#### Recorded data ####
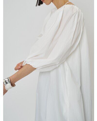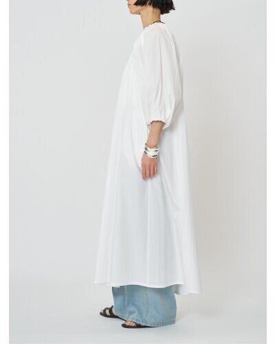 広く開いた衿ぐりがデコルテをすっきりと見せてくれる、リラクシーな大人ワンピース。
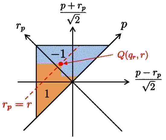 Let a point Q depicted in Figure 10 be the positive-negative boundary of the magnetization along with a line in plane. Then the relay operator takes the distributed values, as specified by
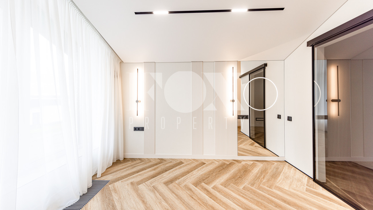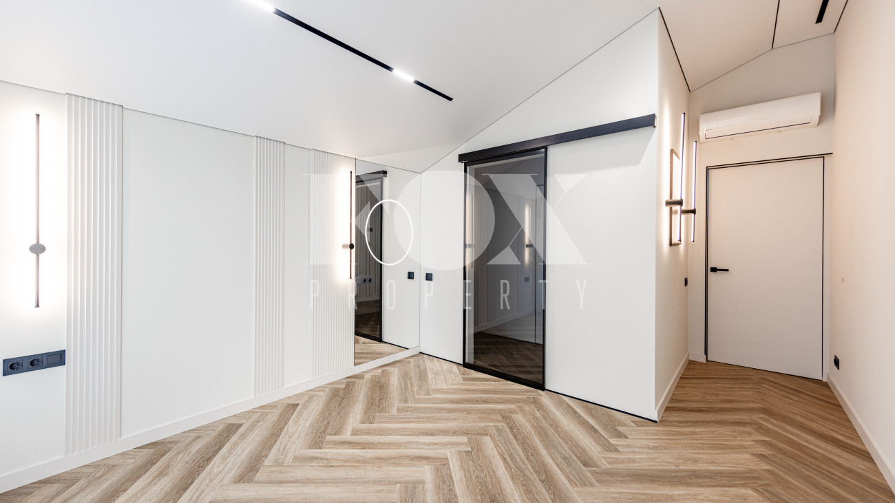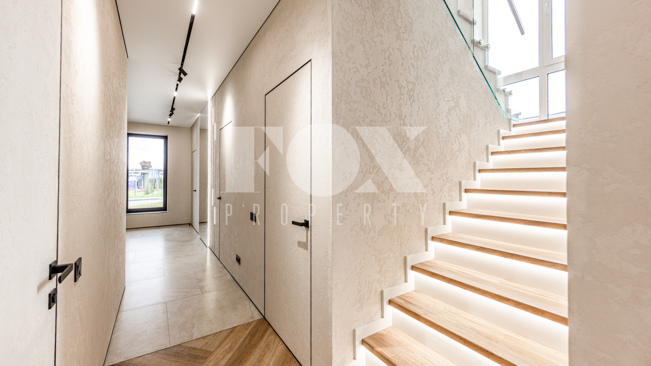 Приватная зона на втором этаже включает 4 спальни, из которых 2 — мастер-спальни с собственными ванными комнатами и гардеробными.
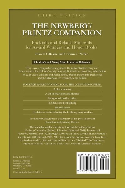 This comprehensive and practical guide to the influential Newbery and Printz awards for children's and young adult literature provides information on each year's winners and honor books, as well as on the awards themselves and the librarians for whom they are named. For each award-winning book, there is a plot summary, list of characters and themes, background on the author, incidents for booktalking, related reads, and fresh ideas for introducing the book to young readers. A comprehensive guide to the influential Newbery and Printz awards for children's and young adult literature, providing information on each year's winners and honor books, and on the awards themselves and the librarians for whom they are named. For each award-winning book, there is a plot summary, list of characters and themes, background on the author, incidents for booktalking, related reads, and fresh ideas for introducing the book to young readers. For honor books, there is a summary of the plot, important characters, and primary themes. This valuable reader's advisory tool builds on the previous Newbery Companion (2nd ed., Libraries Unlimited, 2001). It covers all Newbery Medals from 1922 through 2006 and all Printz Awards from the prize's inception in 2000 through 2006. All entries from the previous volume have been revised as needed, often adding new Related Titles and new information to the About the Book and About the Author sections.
####
→ Problem to solve
Exactly as they stand, set down the lines from the start of the material through the line with "Приватная зона на", both ends included, omitting the pictures.

→ Task result
 広く開いた衿ぐりがデコルテをすっきりと見せてくれる、リラクシーな大人ワンピース。
 Let a point Q depicted in Figure 10 be the positive-negative boundary of the magnetization along with a line in plane. Then the relay operator takes the distributed values, as specified by
 Приватная зона на втором этаже включает 4 спальни, из которых 2 — мастер-спальни с собственными ванными комнатами и гардеробными.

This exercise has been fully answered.